Entries taken from a collection:
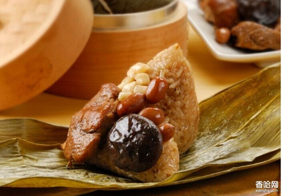 先將糯米用水浸3小時,晾干,放炒鍋中用蒜頭朥炒香,調(diào)入魚露,把竹葉折成三角斗形袋狀,先放入炒好糯米,再放入豬五花肉、香菇、蝦米、紅豆沙、咸蛋仁等餡料,再放糯米,包好用咸水草扎緊,用水煮半小時或上蒸籠蒸半小時。用蒸籠蒸效果較為干爽。
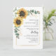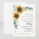 Skapa ett modernt invigningskort för solrosbröllop med den här söta mallen med vacker rustik blommigt bouquet, geometrisk guld-effekt ram, med modern enkel typografi. TIP: Matchande bröllop-svit som OSA, bröllopsprogram, banderoller, tapetik, presentkort, skyltar och andra bröllop-kök och märkre-godis finns i samlingen nedan med denna design.
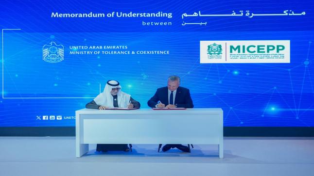 ووقع معالي الشيخ نهيان بن مبارك آل نهيان، مذكرات تفاهم بين وزارة التسامح والتعايش ووزارة الاستثمار والتقارب والبيئة للسياسات العمومية في المغرب التي وقع عنها معالي الوزير كريم زيدان، ومع المركز الدولي لريادة الأعمال والابتكار في البحرين الذي مثله معالي الشيخ إبراهيم بن خليفة آل خليفة، فيما وقعت سعادة عفراء الصابري، مدير عام وزارة التسامح والتعايش، مذكرة تفاهم مع الوكالة الدولية للطاقة المتجددة (IRENA).
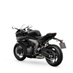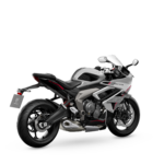 Standardní černá barva Sapphire Black, nová pro rok 2026, tvoří výrazný, přesto elegantní design napříč modely 660. Černá kapotáž, kola a palivová nádrž kontrastují se stříbrným výfukem pod motorem a logy Daytona 660, výrazná 660 grafika na spodní části kapotáže spojuje všechno dohromady v čistém a krásném stroji.
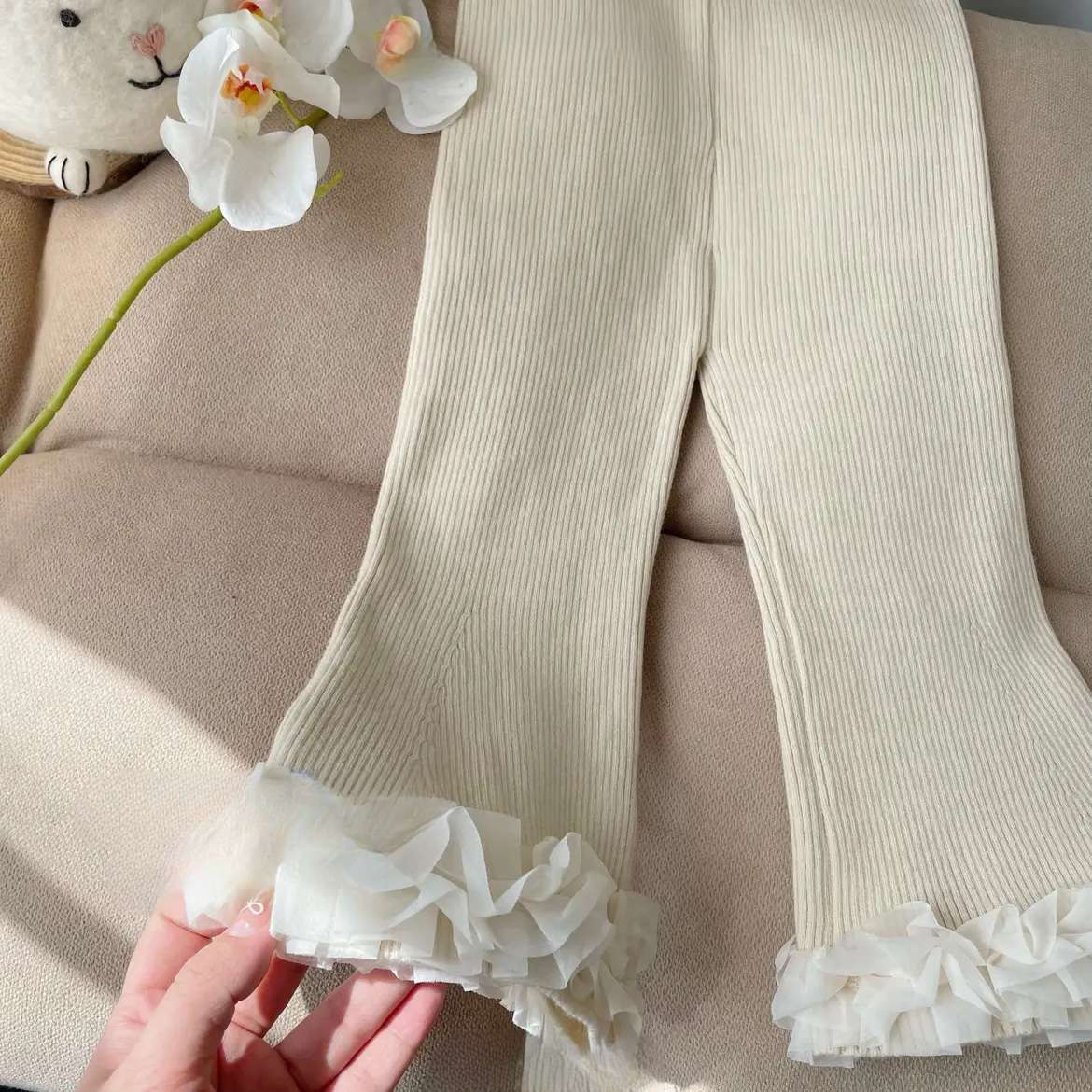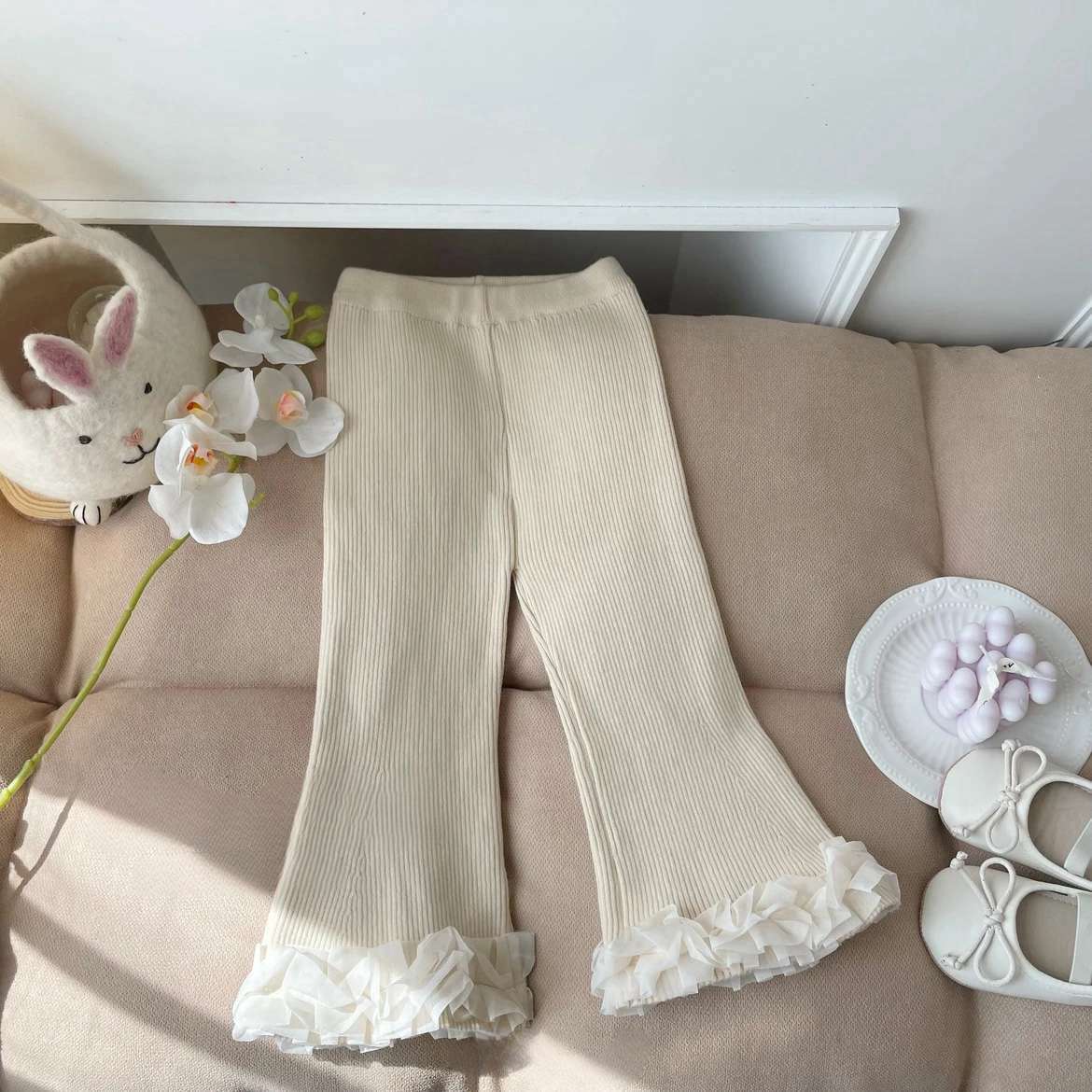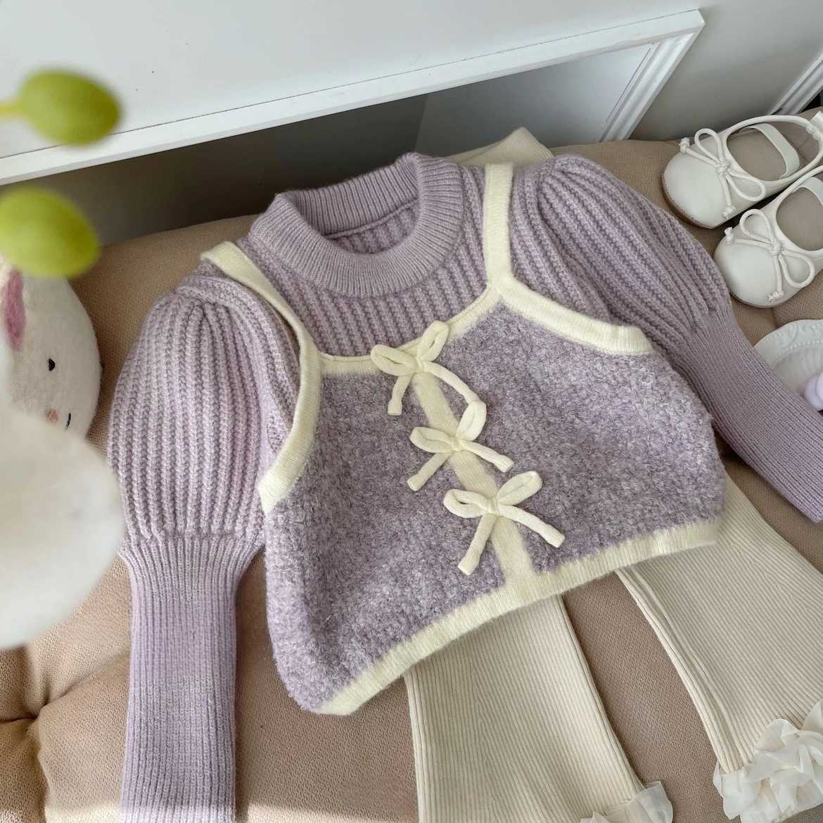 여아 가을 겨울 세트 2025 신상 한국 스타일 여아 투피스 두꺼운 스웨터와 플레어 팬츠 세트
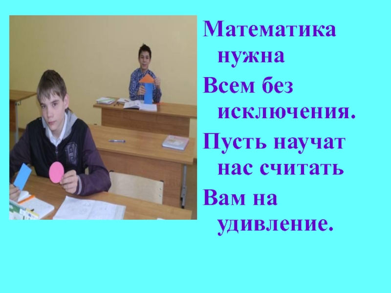 Математика    нужнаВсем без  исключения.Пусть научат нас считатьВам на удивление.
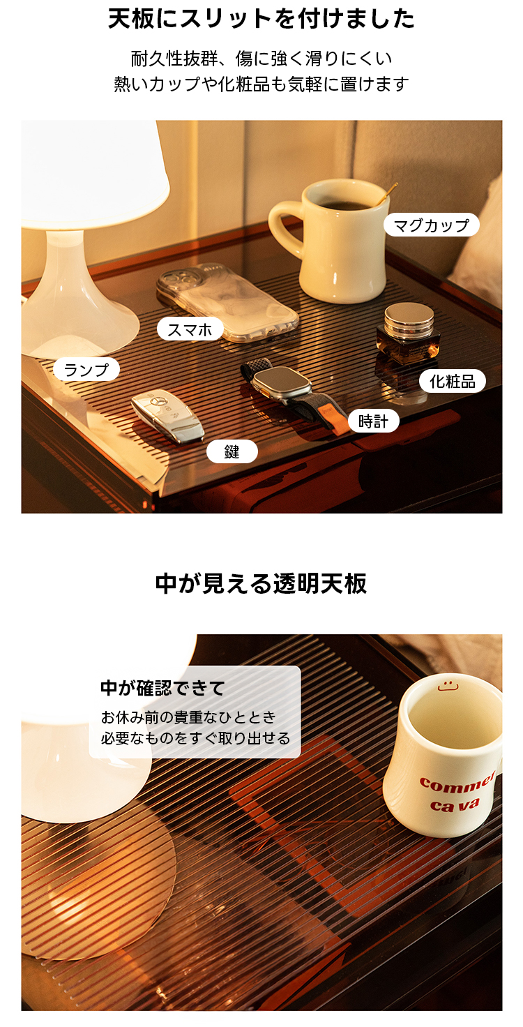 - 【便利な収納機能】引き出し付きで、小物や化粧品、ケーブル類の収納に便利です。天板にはスリットが施されており、滑りにくく、熱いカップや化粧品も安心して置けます。落下防止設計で、大切な物をしっかりと守ります。
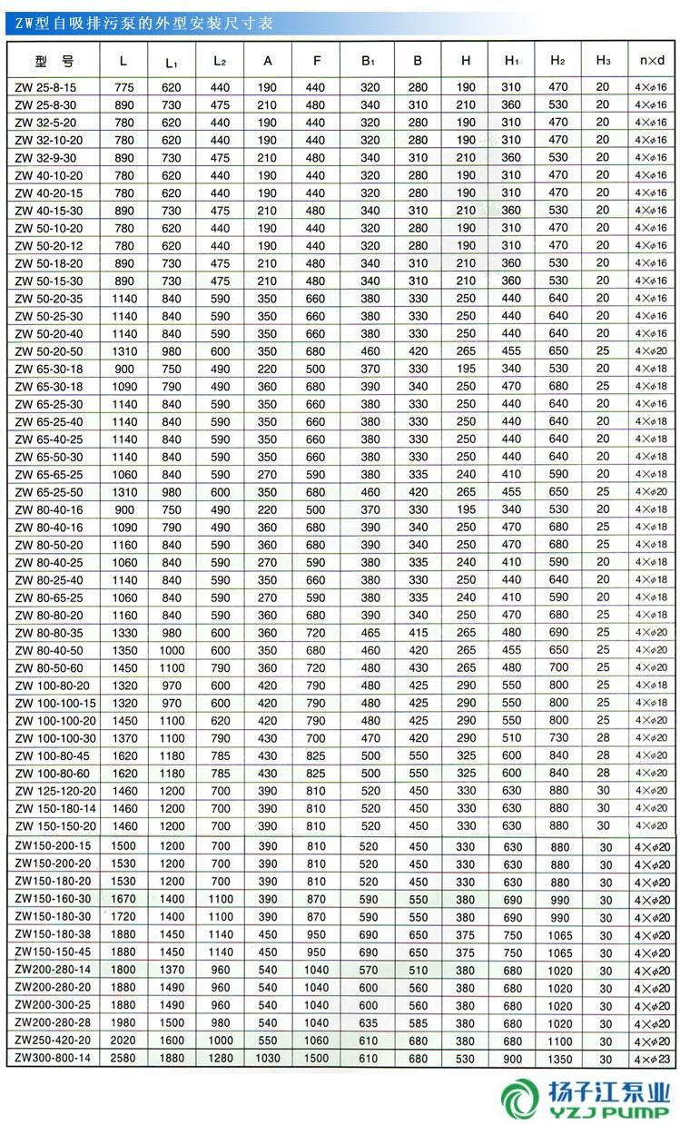 二、ZW型自吸式無堵塞排污泵(安裝尺寸)
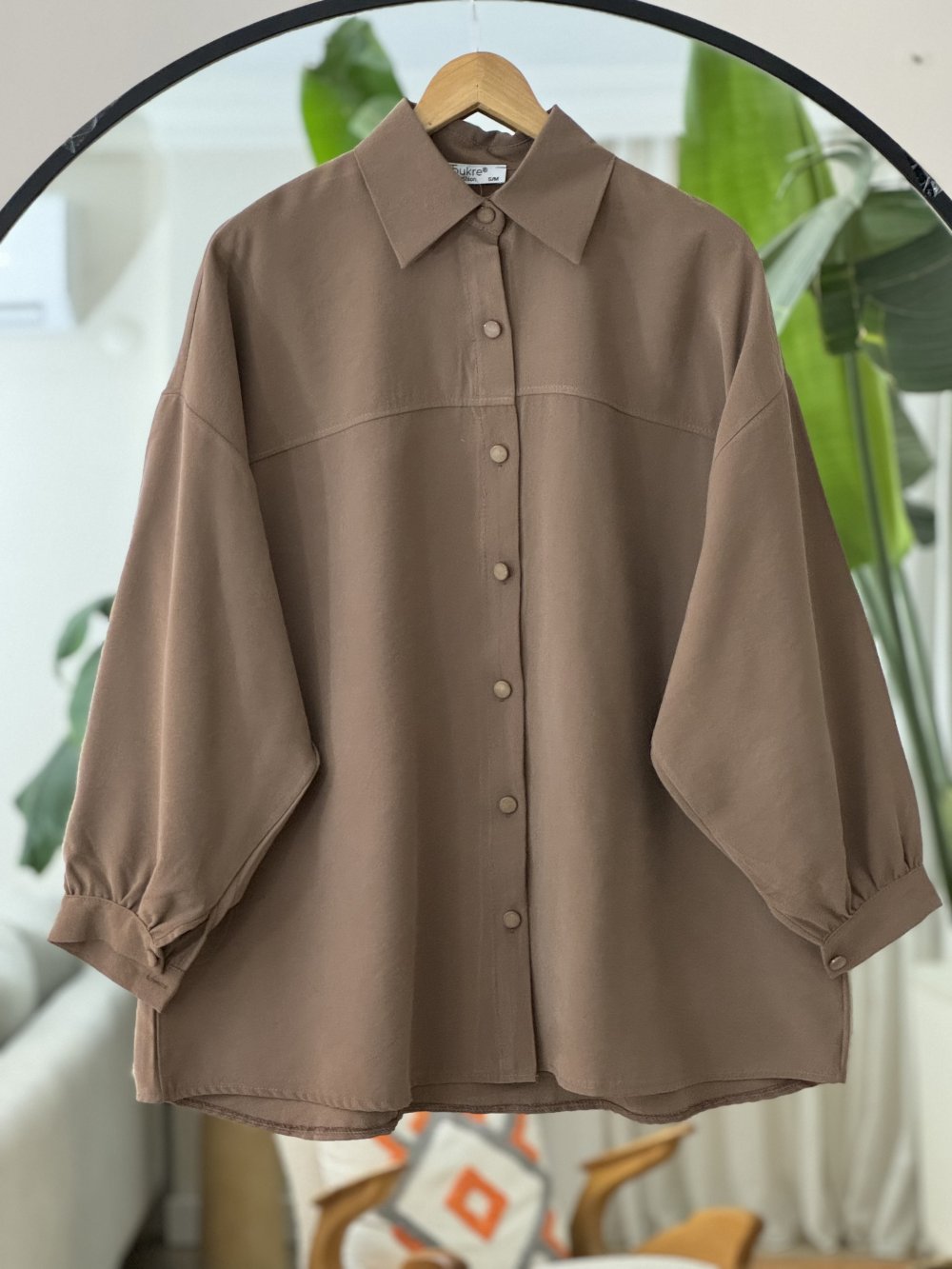 Seyyar kuşaklı salaş gömlek Tunik kahve BK9521
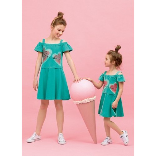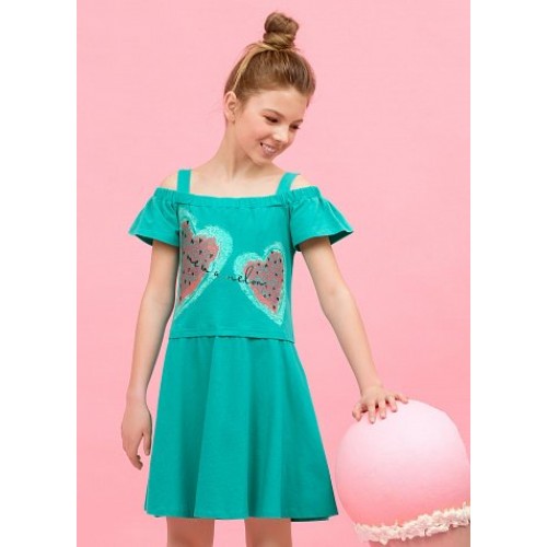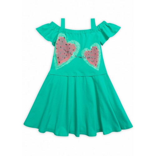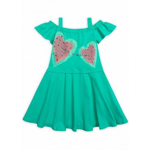 Платье для девочек. Новинка! Платье - сарафан из тонкого хлопка. Открытые плечи на лямках, присборенные рукава-воланы, расклешённая юбка. Центральный принт в сочных арбузных цветах.
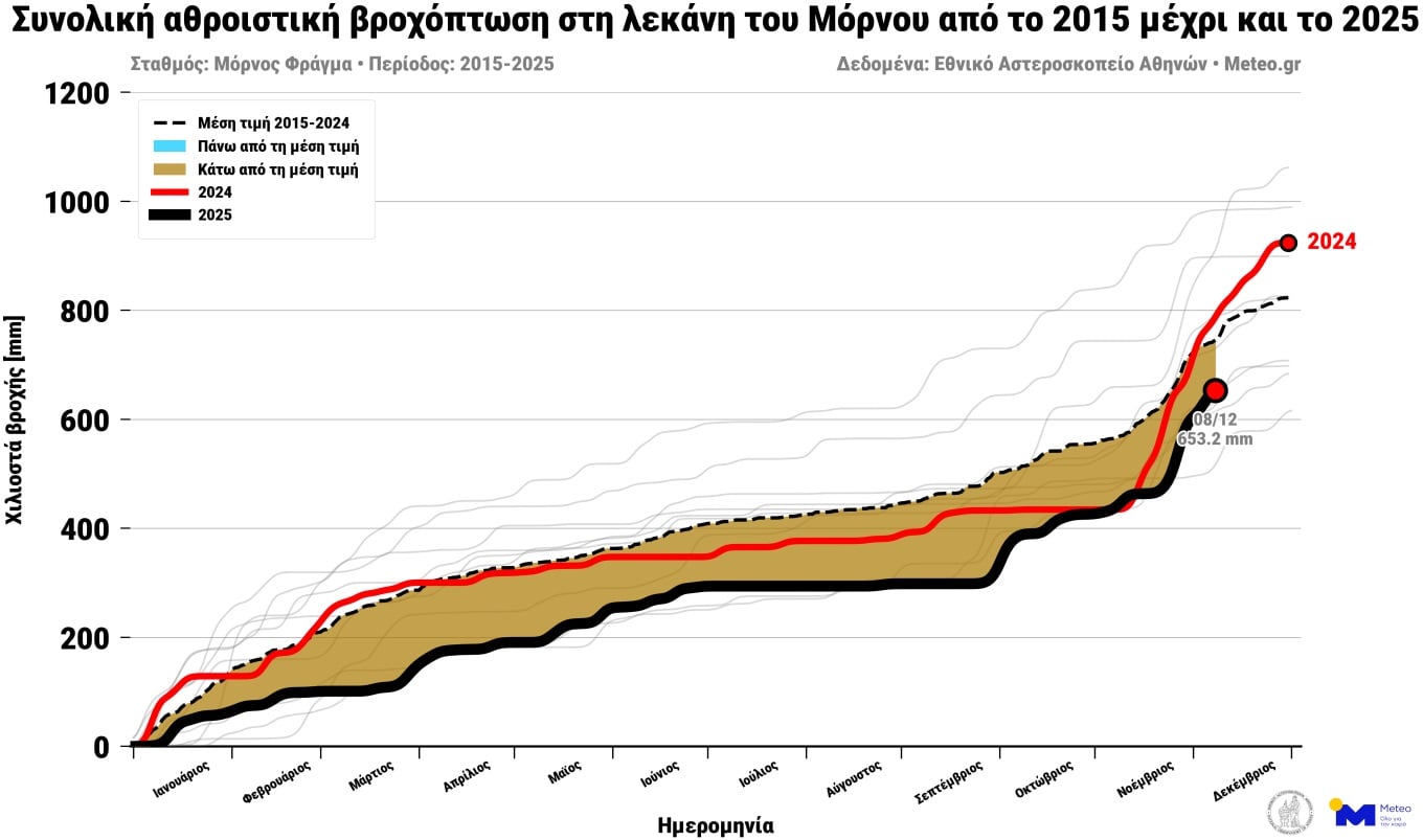Τα διαγράμματα που συνοδεύουν την ανάλυση του meteo.gr δείχνουν ότι η ετήσια βροχόπτωση έως τις 8 Δεκεμβρίου 2025 παραμένει σημαντικά κάτω από τη μέση τιμή της τελευταίας δεκαετίας.

Task ->
Exclude every picture and copy the remaining data exactly.

Answer area ->
 先將糯米用水浸3小時,晾干,放炒鍋中用蒜頭朥炒香,調(diào)入魚露,把竹葉折成三角斗形袋狀,先放入炒好糯米,再放入豬五花肉、香菇、蝦米、紅豆沙、咸蛋仁等餡料,再放糯米,包好用咸水草扎緊,用水煮半小時或上蒸籠蒸半小時。用蒸籠蒸效果較為干爽。
 Skapa ett modernt invigningskort för solrosbröllop med den här söta mallen med vacker rustik blommigt bouquet, geometrisk guld-effekt ram, med modern enkel typografi. TIP: Matchande bröllop-svit som OSA, bröllopsprogram, banderoller, tapetik, presentkort, skyltar och andra bröllop-kök och märkre-godis finns i samlingen nedan med denna design.
 ووقع معالي الشيخ نهيان بن مبارك آل نهيان، مذكرات تفاهم بين وزارة التسامح والتعايش ووزارة الاستثمار والتقارب والبيئة للسياسات العمومية في المغرب التي وقع عنها معالي الوزير كريم زيدان، ومع المركز الدولي لريادة الأعمال والابتكار في البحرين الذي مثله معالي الشيخ إبراهيم بن خليفة آل خليفة، فيما وقعت سعادة عفراء الصابري، مدير عام وزارة التسامح والتعايش، مذكرة تفاهم مع الوكالة الدولية للطاقة المتجددة (IRENA).
 Standardní černá barva Sapphire Black, nová pro rok 2026, tvoří výrazný, přesto elegantní design napříč modely 660. Černá kapotáž, kola a palivová nádrž kontrastují se stříbrným výfukem pod motorem a logy Daytona 660, výrazná 660 grafika na spodní části kapotáže spojuje všechno dohromady v čistém a krásném stroji.
 여아 가을 겨울 세트 2025 신상 한국 스타일 여아 투피스 두꺼운 스웨터와 플레어 팬츠 세트
 Математика    нужнаВсем без  исключения.Пусть научат нас считатьВам на удивление.
 - 【便利な収納機能】引き出し付きで、小物や化粧品、ケーブル類の収納に便利です。天板にはスリットが施されており、滑りにくく、熱いカップや化粧品も安心して置けます。落下防止設計で、大切な物をしっかりと守ります。
 二、ZW型自吸式無堵塞排污泵(安裝尺寸)
 Seyyar kuşaklı salaş gömlek Tunik kahve BK9521
 Платье для девочек. Новинка! Платье - сарафан из тонкого хлопка. Открытые плечи на лямках, присборенные рукава-воланы, расклешённая юбка. Центральный принт в сочных арбузных цветах.
Τα διαγράμματα που συνοδεύουν την ανάλυση του meteo.gr δείχνουν ότι η ετήσια βροχόπτωση έως τις 8 Δεκεμβρίου 2025 παραμένει σημαντικά κάτω από τη μέση τιμή της τελευταίας δεκαετίας.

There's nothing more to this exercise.